Der Monat beginnt mit einer Planetenparade am morgendlichen Himmel: Alle fünf mit bloßem Auge sichtbaren Planeten lassen sich hier - gutes Wetter vorausgesetzt - beobachten. Im weiteren Verlauf des Monats sind dann noch immer vier Planeten zu sehen, mit dem Gasriesen Jupiter als Glanzpunkt. Hinzu kommen die Sterne und Konstellationen des Winters.

Süd-Südost-Blick

Blick nach Süd-Südost am Morgen des 3. Februar 2016. Bild: astronews.com / Stellarium [Großansicht]

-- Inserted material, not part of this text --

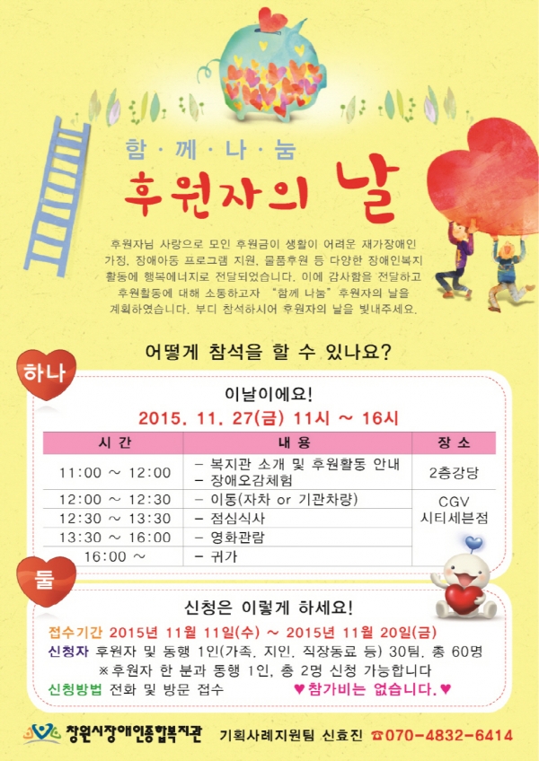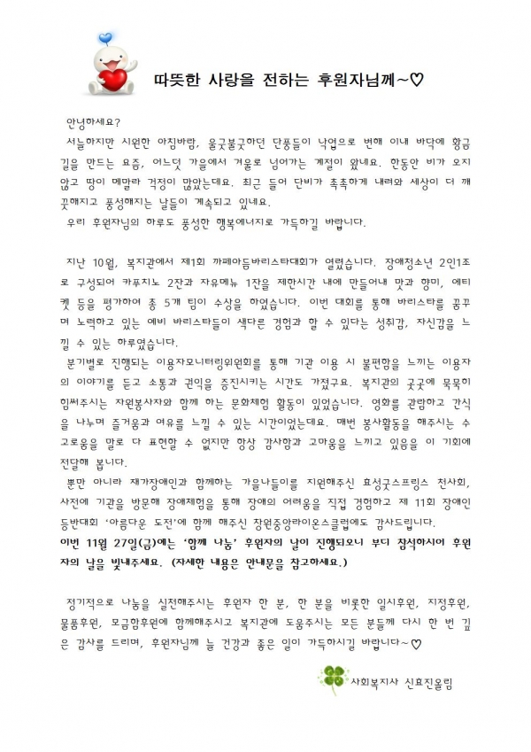 2015년 11월 후원감사편지입니다. 페이지 정보 작성자 신효진 댓글 0건 조회 6,841회 작성일 15-11-18 11:55 본문 후원해주셔서 감사합니다^^ 이전글2015년 11월 후원해주신분들입니다 15.12.16 다음글2015년 10월 후원해주신분들입니다 15.11.18 목록 댓글목록 댓글목록 등록된 댓글이 없습니다.

Auch wenn die Temperaturen gegenwärtig eher wenig winterlich sind, kann man sich mit einem Blick an den nächtlichen Sternenhimmel zuverlässig vergewissern, in welcher Jahreszeit wir uns befinden: Hier sind nämlich die typischen Sternbilder des Winters zu sehen. Die bekannteste Konstellation der kalten Jahreszeit dürfte dabei der "Himmelsjäger" Orion sein, der abends hoch im Süden steht. Die Sternbilder Andromeda und Perseus im Westen erinnern noch an den vergangenen Herbst und der Löwe, der abends bereits im Osten zu sehen ist, gibt schon einen Vorgeschmack auf den kommenden Frühling. 

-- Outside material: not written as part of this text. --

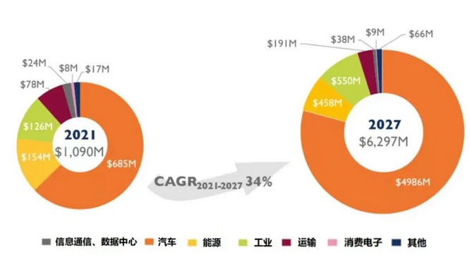 2021年-2027年(預測)碳化硅功率器件各細分領域市場占比

Die hellsten Sterne der bekannten Konstellationen des Winters bilden das leicht zu beobachtende Wintersechseck [Findkarte Wintersechseck]. Es besteht aus Prokyon im Kleinen Hund, Pollux in den Zwillingen, Kapella im Fuhrmann, Aldebaran im Stier, Rigel im Orion und Sirius im Großen Hund.

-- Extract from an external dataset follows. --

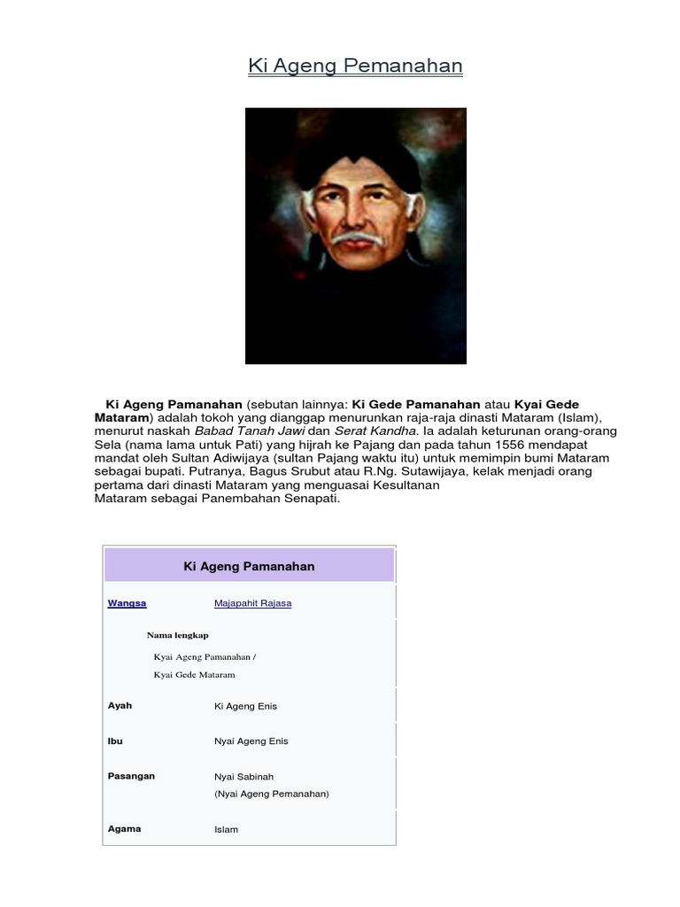 Ki Ageng Pamanahan Buku Ensiklopedi Dunia P2k Um Surabaya

Sirius im Großen Hund ist dabei ein ganz besonderes Objekt: Er ist der hellste Stern, der von der Erde aus zu beobachten ist. Seine Helligkeit kann schon einmal dazu führen, dass man den Stern mit einem Planeten verwechselt, etwa mit dem in diesem Monat auch noch sehr auffälligen Jupiter. Dieser befindet sich allerdings im Februar in den Sternbildern Löwe und Krebs.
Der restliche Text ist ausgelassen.